* [Directions]
In the listing below, find the line with "The Jannah Abaya" and the line with "höger högtalare till terminalerna R+ och R-.", then return them and every line between them exactly, minus the pictures.

* [Entries provided]
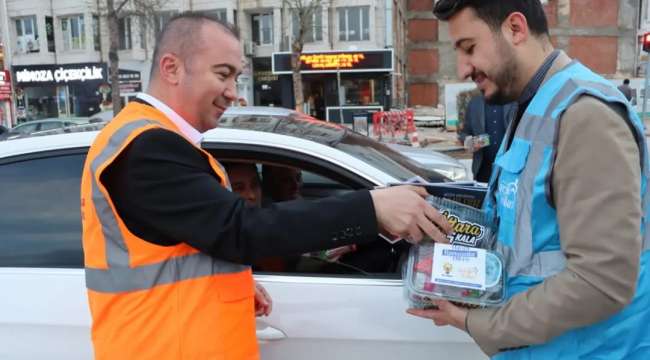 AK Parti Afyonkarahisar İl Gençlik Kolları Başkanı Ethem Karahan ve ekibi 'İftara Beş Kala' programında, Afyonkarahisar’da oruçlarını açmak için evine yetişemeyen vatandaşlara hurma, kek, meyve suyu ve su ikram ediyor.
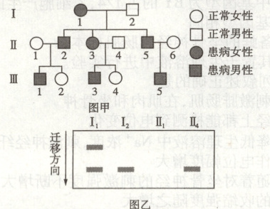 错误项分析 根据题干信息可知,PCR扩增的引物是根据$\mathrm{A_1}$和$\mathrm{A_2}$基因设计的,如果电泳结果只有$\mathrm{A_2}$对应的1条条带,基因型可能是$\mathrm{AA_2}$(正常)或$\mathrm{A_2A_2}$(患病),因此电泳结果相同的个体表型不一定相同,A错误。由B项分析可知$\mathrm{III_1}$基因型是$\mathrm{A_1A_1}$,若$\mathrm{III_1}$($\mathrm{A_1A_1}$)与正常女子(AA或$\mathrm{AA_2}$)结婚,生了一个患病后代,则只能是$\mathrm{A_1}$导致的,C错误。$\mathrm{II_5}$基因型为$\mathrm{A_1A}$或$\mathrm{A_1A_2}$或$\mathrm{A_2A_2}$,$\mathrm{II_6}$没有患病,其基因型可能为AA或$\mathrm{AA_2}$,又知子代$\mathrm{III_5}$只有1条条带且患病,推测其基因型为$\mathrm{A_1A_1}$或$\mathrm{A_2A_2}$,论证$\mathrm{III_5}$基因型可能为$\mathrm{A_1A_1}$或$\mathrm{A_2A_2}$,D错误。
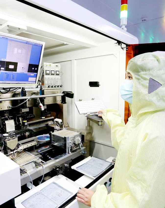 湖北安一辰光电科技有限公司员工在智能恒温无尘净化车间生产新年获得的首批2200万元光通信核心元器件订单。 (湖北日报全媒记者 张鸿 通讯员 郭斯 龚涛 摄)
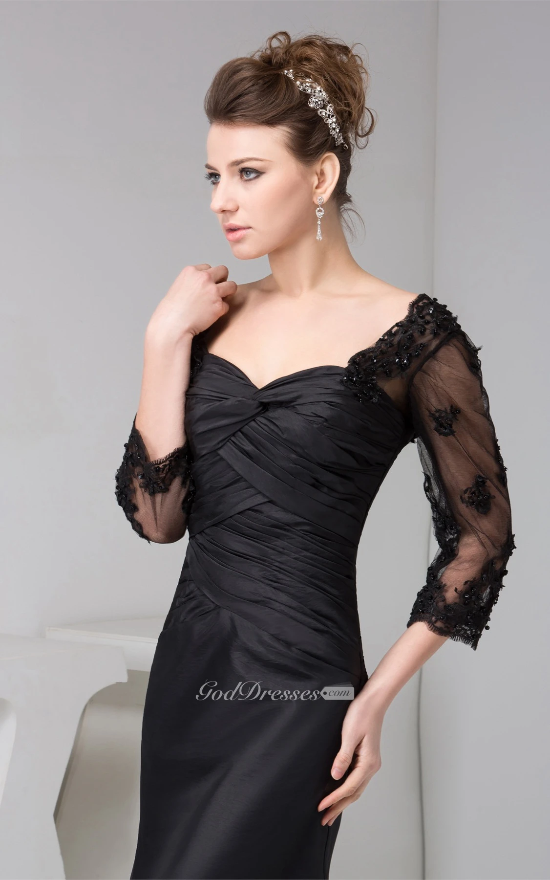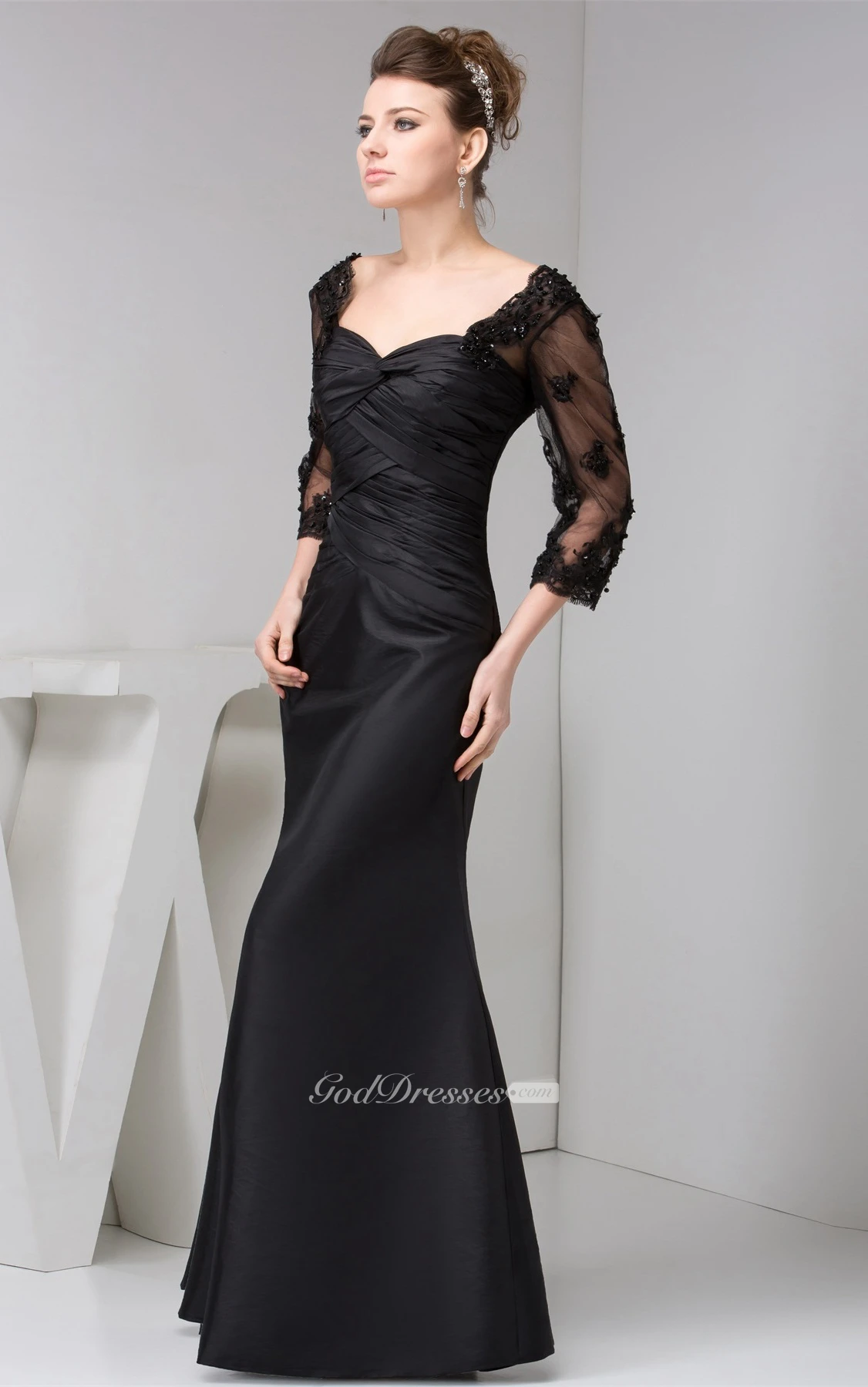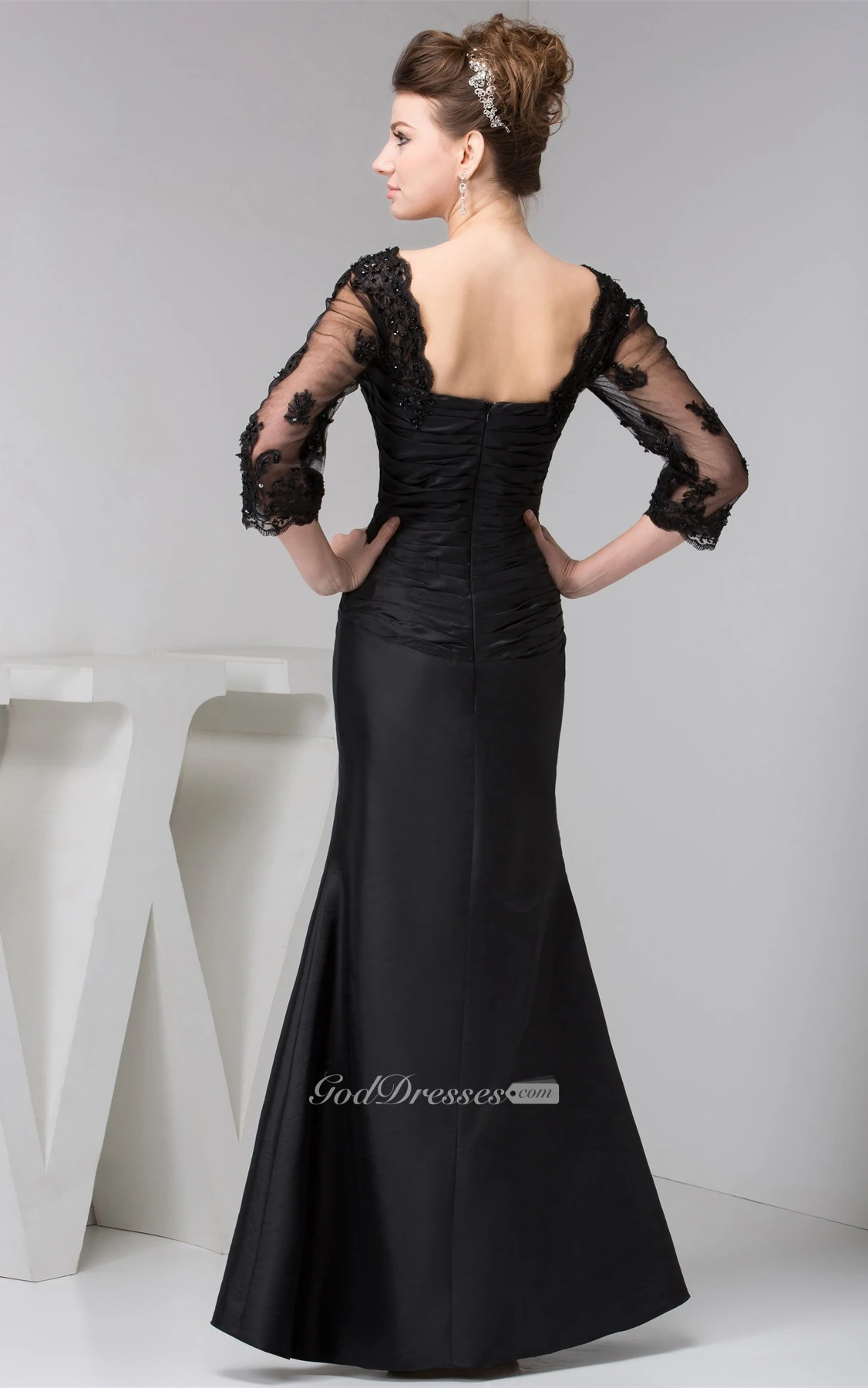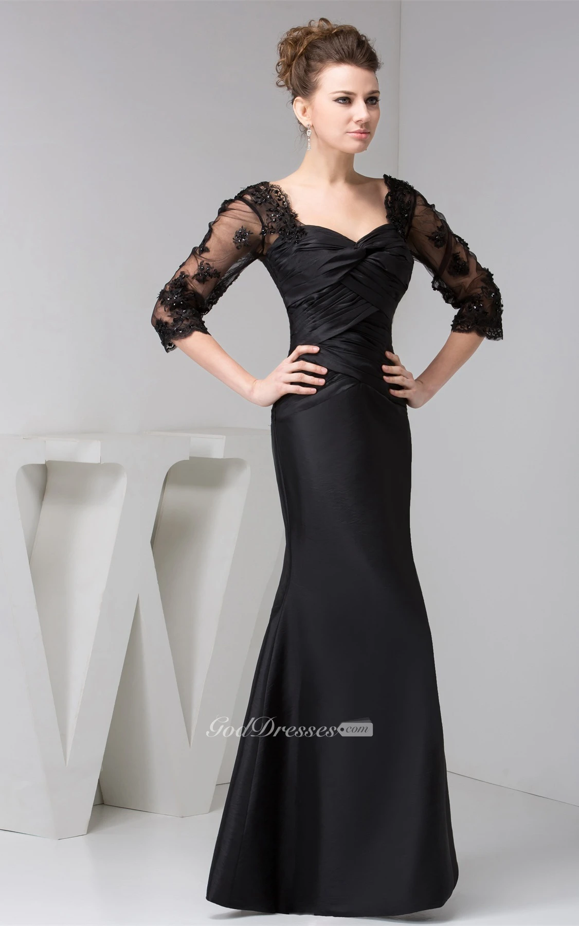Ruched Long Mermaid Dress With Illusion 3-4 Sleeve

* * *

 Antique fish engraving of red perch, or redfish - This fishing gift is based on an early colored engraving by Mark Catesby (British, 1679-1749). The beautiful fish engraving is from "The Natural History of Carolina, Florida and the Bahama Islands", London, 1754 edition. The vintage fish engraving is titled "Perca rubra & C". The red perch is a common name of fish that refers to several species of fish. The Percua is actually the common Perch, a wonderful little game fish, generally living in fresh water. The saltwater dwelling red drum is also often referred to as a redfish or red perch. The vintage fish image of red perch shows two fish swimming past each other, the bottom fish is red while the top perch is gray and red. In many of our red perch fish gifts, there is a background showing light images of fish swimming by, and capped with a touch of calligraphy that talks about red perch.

---

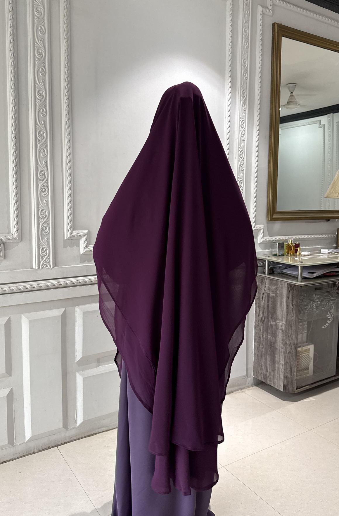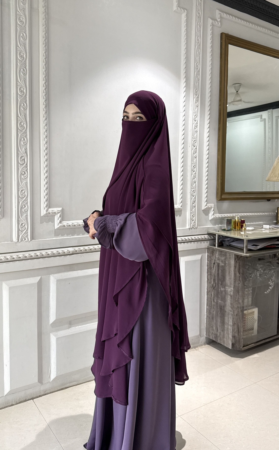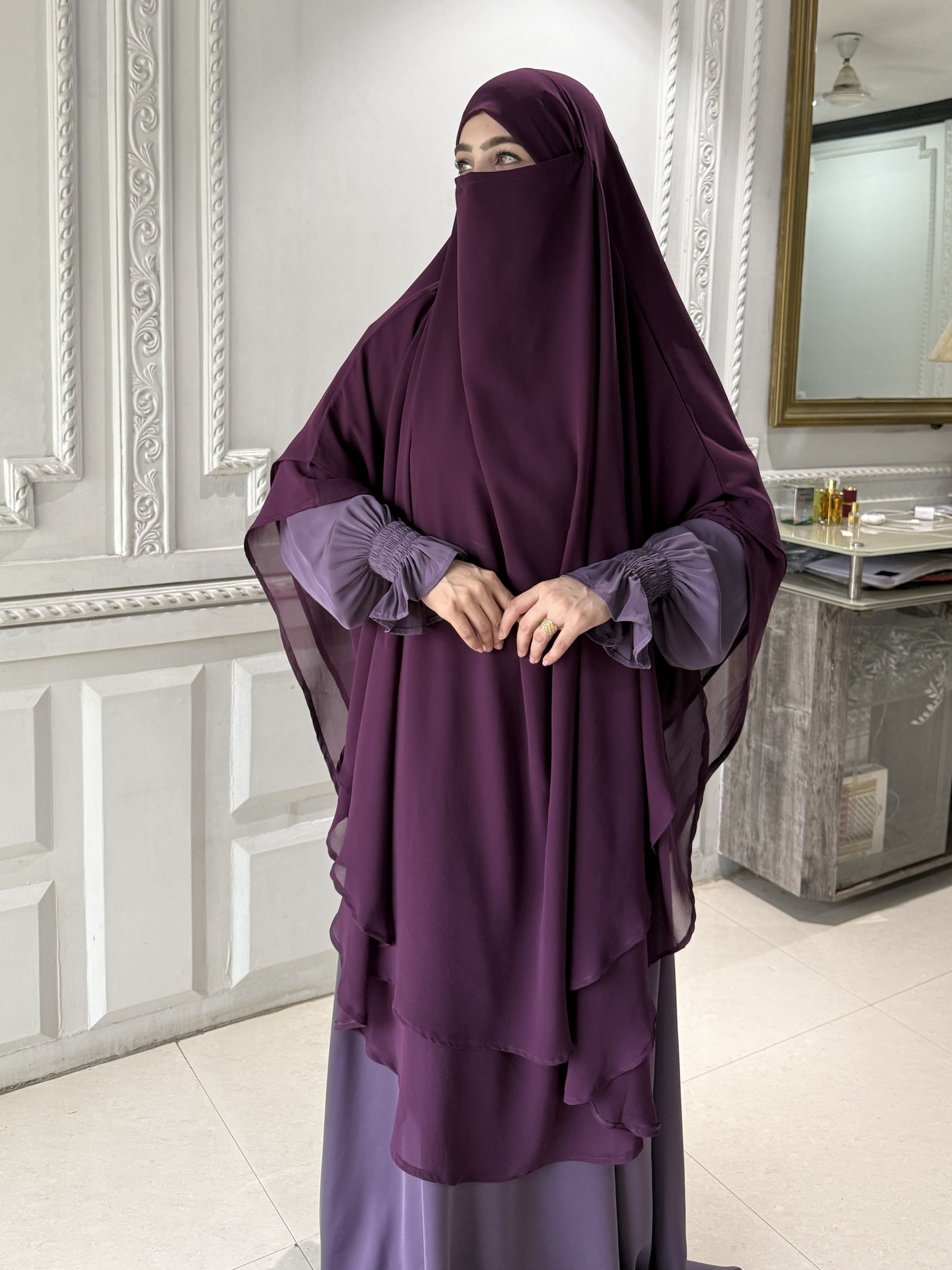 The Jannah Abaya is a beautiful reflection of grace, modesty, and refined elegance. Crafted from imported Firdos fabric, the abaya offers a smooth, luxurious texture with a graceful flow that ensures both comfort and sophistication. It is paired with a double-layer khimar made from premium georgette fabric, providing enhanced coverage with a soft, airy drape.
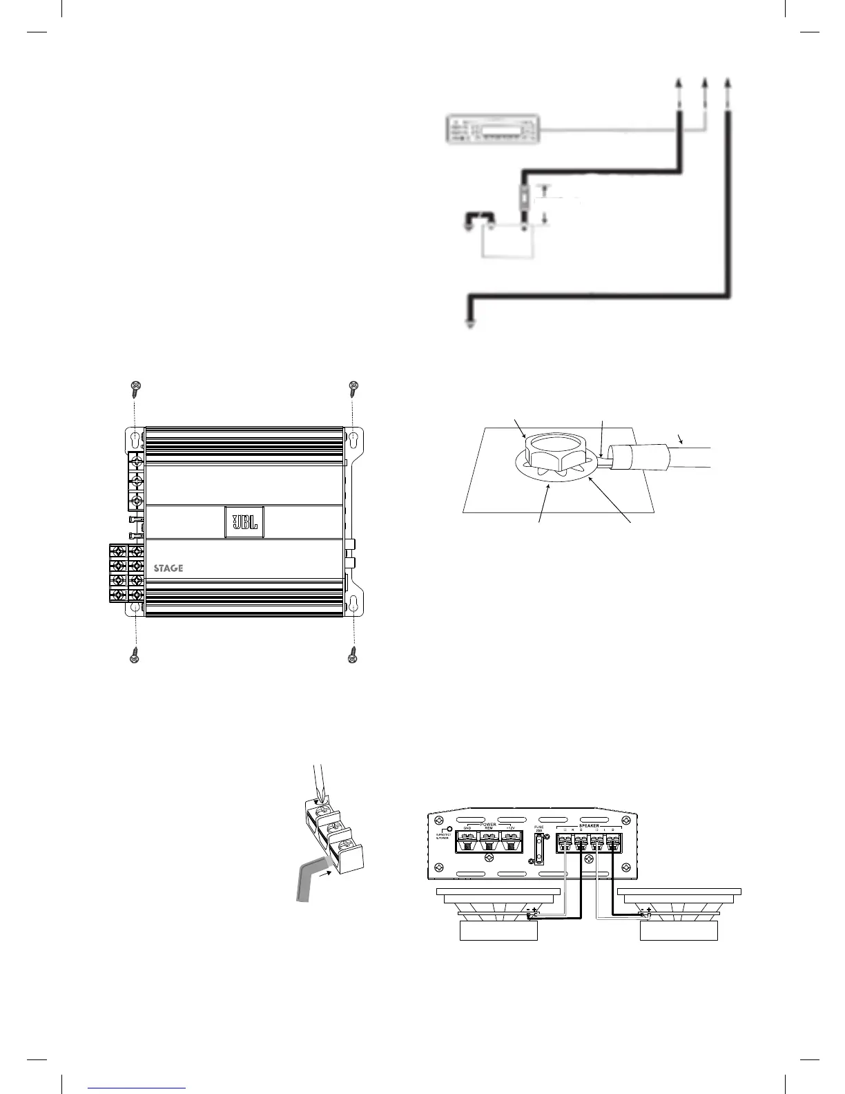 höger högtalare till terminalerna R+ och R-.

* [Written response]
 The Jannah Abaya is a beautiful reflection of grace, modesty, and refined elegance. Crafted from imported Firdos fabric, the abaya offers a smooth, luxurious texture with a graceful flow that ensures both comfort and sophistication. It is paired with a double-layer khimar made from premium georgette fabric, providing enhanced coverage with a soft, airy drape.
 höger högtalare till terminalerna R+ och R-.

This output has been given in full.